Activity.
What is needed is an exact copy of the lines in the entries below from the one holding "National Parliament of Bangladesh" through the one holding "Representative of DBFA", pictures excluded.

Saved entries
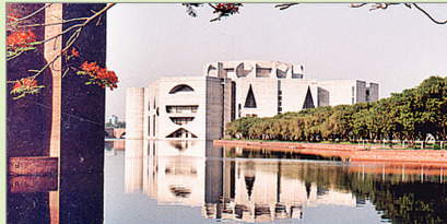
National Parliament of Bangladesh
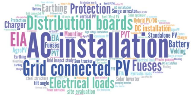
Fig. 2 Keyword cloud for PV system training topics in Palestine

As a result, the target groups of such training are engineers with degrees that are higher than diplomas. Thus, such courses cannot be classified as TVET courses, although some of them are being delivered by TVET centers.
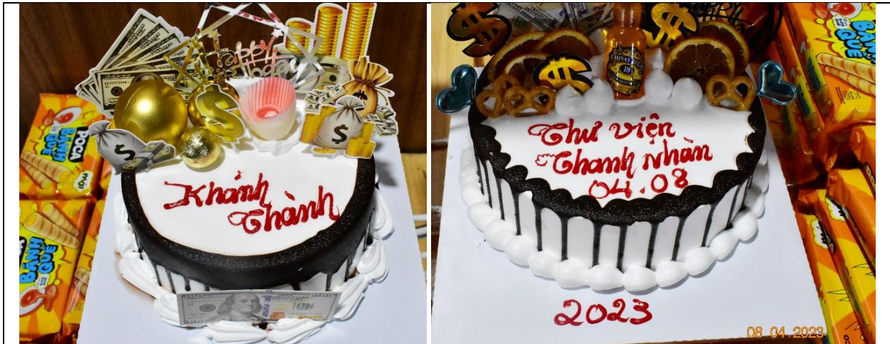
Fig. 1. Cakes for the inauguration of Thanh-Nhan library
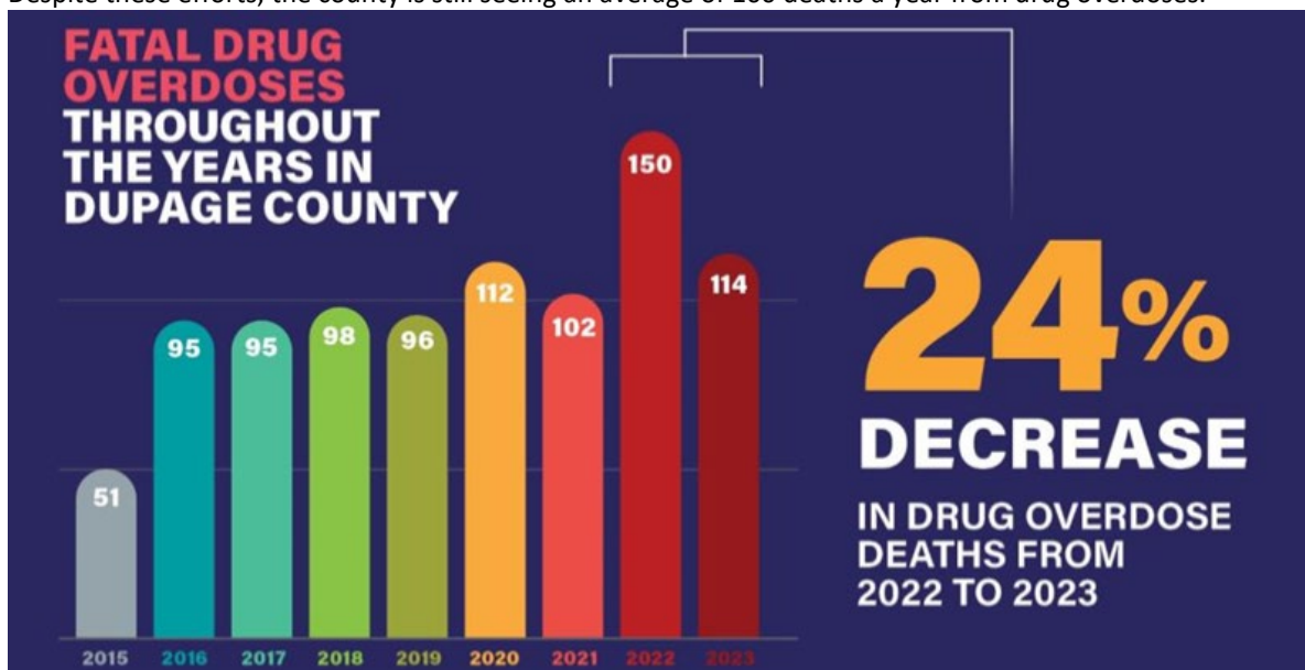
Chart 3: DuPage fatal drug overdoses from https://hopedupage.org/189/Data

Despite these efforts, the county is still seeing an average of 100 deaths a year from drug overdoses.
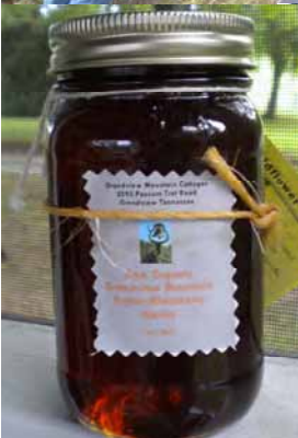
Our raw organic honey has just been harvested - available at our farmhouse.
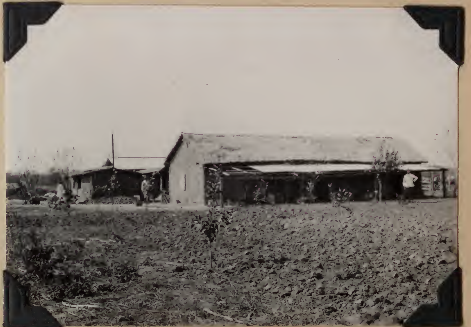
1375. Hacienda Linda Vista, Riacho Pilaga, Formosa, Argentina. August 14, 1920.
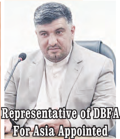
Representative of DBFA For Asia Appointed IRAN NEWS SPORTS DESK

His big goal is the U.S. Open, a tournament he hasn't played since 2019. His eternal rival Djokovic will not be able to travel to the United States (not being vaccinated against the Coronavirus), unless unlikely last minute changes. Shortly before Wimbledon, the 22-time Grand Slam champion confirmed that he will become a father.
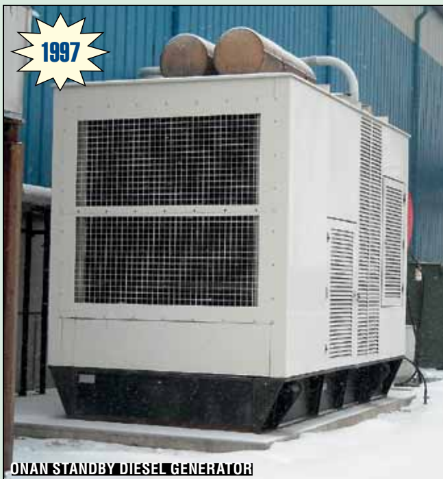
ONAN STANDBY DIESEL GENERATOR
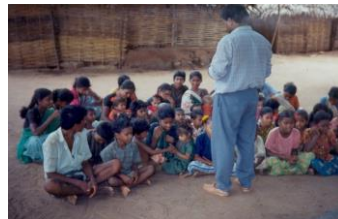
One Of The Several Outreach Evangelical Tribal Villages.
...
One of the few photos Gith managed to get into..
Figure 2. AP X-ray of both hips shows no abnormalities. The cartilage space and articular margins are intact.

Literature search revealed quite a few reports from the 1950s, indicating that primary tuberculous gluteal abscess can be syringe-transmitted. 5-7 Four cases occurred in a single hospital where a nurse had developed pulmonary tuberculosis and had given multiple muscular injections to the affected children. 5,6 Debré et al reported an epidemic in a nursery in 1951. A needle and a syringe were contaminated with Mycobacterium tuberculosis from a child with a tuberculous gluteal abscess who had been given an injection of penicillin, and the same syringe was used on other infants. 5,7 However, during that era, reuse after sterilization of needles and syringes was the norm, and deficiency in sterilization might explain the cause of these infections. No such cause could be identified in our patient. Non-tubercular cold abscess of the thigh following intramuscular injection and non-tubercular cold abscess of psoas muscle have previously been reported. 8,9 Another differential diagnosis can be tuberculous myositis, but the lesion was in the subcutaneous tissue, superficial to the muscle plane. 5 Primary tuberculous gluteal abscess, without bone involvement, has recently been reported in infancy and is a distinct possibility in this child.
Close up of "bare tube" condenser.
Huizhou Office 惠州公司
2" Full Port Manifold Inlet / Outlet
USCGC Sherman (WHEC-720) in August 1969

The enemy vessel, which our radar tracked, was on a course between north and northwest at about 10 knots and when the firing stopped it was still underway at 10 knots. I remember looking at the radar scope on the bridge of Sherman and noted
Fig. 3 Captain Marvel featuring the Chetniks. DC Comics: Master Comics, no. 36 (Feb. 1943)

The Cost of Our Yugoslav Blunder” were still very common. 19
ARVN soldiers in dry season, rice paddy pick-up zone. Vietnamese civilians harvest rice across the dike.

Problem solution.
National Parliament of Bangladesh
Fig. 2 Keyword cloud for PV system training topics in Palestine

As a result, the target groups of such training are engineers with degrees that are higher than diplomas. Thus, such courses cannot be classified as TVET courses, although some of them are being delivered by TVET centers.
Fig. 1. Cakes for the inauguration of Thanh-Nhan library
Chart 3: DuPage fatal drug overdoses from https://hopedupage.org/189/Data

Despite these efforts, the county is still seeing an average of 100 deaths a year from drug overdoses.
Our raw organic honey has just been harvested - available at our farmhouse.
1375. Hacienda Linda Vista, Riacho Pilaga, Formosa, Argentina. August 14, 1920.
Representative of DBFA For Asia Appointed IRAN NEWS SPORTS DESK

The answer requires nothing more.